For lesser offenses or issues, a traditional means of handling it is for a korero or talk to be held among the community. During the korero, one person would begin the dialogue that would not talk about the issue of concern directly but would begin to air out the thoughts and feelings of those present. Each person would be allowed to continue the dialogue after one another, adding to what has been said instead of seeking counter points to previous statements. While these talks were held, this was also an opportunity to gain mana as the Maori valued memory and oral communication skills, and those who could remember the most and speak the best were well revered by the group. By the end of the talks, a consensus would eventually be made on the issue, often without even having spoken of the issue directly. While older Maori favor this method, younger generations often dislike this tradition, preferring directness like many western cultures.
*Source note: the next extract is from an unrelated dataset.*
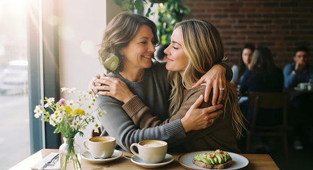Two women embracing and smiling at a cozy cafe table with flowers, cups of coffee, and plates of food.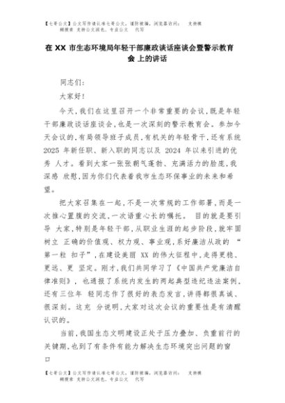 【七哥公文】2025年:在XX市生态环境局年轻干部廉政谈话座谈会暨警示教育会上的讲话+更多免费公文+VX:QiGeGongWen2024

As for what a resolution could mean, there was a variety of options traditionally. Serious offenses would warrant death in pre-modern times. For insulting your sister’s husband, if he lived with another group, you would be forbidden from seeing your sister again for as long as you lived. In pre-colonial times, if two groups of Maori were in a dispute, an acceptable means of settlement would be for one group to leave the territory, not as a sign of weakness but as humility to preserve peace. Whatever the settlement may be though, its effects can be passed from generation to generation. The sins of the grandfather can follow down to his grandchildren. Mana was seen as timeless, which made it even more important for everyone to do there best to avoid conflict causing actions. While the Maori could possibly be seen as avoiding conflict, they were more concerned with cooperation, and would settle a dispute in whatever way was necessary.